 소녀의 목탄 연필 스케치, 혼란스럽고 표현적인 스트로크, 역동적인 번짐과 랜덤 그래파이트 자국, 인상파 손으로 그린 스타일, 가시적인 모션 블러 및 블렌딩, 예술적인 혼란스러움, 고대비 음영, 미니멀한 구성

☆ ☆ ☆ ☆ ☆

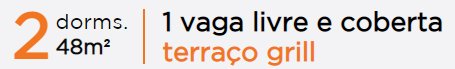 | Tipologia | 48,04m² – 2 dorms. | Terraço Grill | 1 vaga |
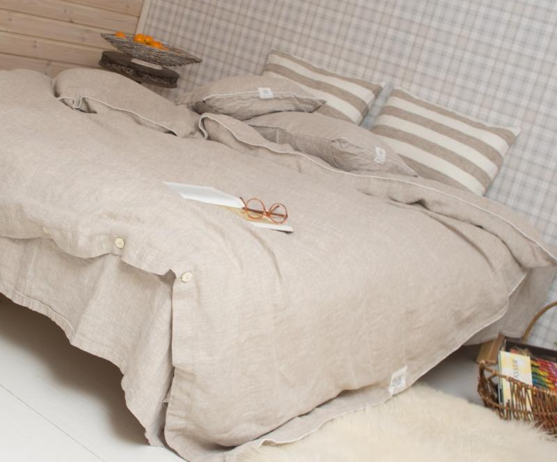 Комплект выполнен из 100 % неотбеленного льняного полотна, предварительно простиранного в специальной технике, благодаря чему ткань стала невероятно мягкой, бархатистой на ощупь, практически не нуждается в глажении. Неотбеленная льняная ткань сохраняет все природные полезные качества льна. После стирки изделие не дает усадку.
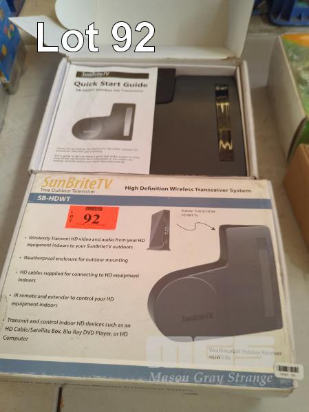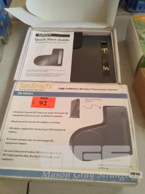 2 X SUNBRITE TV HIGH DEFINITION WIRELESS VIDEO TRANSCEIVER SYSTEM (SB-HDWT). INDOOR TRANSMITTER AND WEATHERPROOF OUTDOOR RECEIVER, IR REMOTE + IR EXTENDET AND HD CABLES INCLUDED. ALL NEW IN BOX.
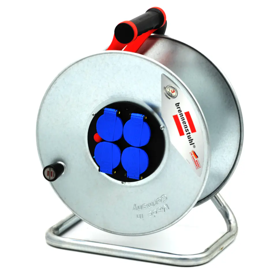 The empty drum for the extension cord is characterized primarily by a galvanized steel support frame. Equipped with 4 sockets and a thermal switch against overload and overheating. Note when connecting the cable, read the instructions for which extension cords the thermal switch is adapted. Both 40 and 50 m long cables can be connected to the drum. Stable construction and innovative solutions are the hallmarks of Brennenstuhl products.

☆ ☆ ☆ ☆ ☆

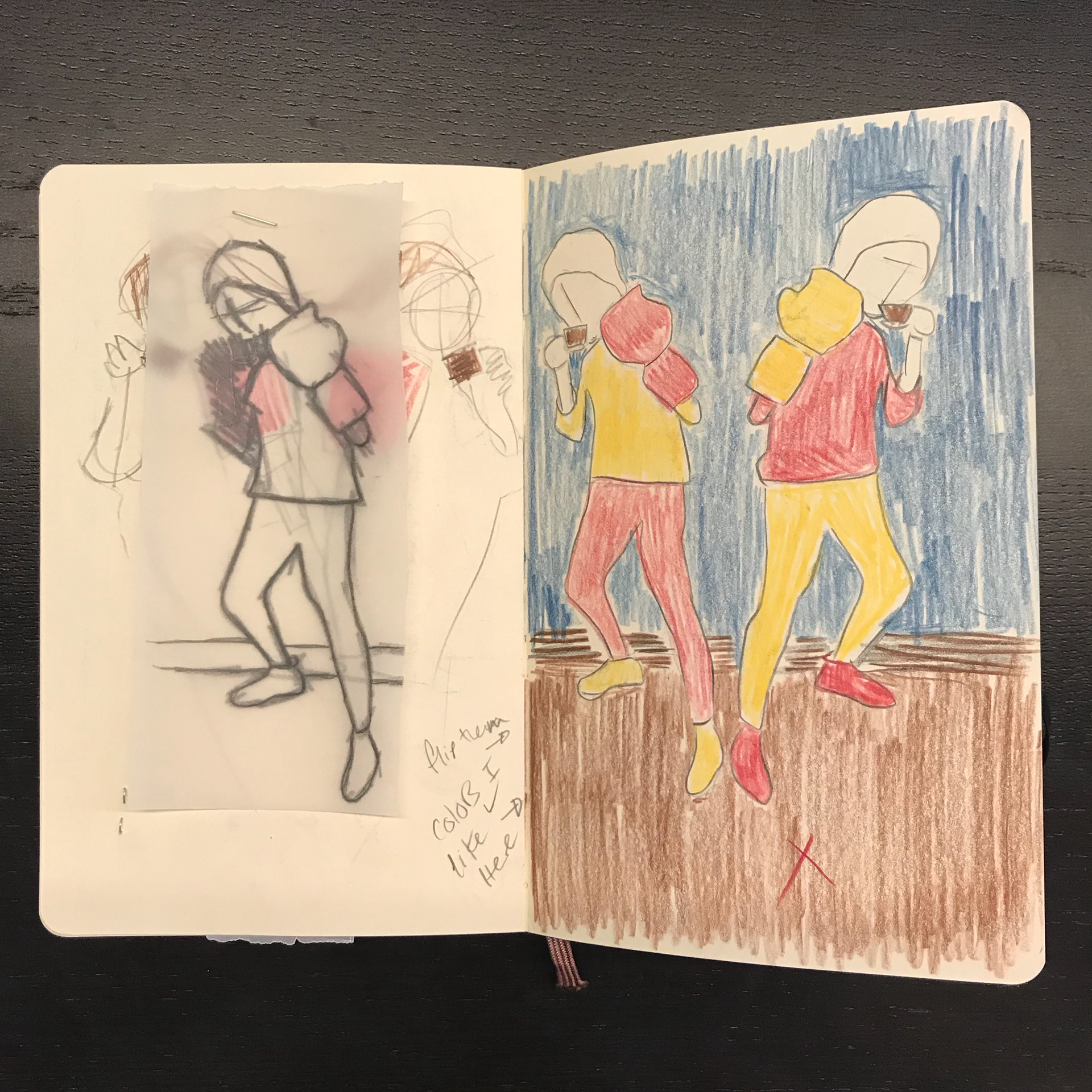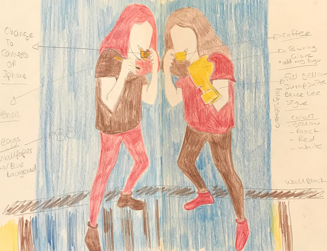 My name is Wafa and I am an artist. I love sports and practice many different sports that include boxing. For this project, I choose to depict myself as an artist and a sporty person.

☆ ☆ ☆ ☆ ☆

→ Task details: Starting at the line with "2 X SUNBRITE" and finishing at the line with "The empty drum", copy the material above exactly, both lines included. Nothing else goes in, and no pictures.

→ Exercise answer:
 2 X SUNBRITE TV HIGH DEFINITION WIRELESS VIDEO TRANSCEIVER SYSTEM (SB-HDWT). INDOOR TRANSMITTER AND WEATHERPROOF OUTDOOR RECEIVER, IR REMOTE + IR EXTENDET AND HD CABLES INCLUDED. ALL NEW IN BOX.
 The empty drum for the extension cord is characterized primarily by a galvanized steel support frame. Equipped with 4 sockets and a thermal switch against overload and overheating. Note when connecting the cable, read the instructions for which extension cords the thermal switch is adapted. Both 40 and 50 m long cables can be connected to the drum. Stable construction and innovative solutions are the hallmarks of Brennenstuhl products.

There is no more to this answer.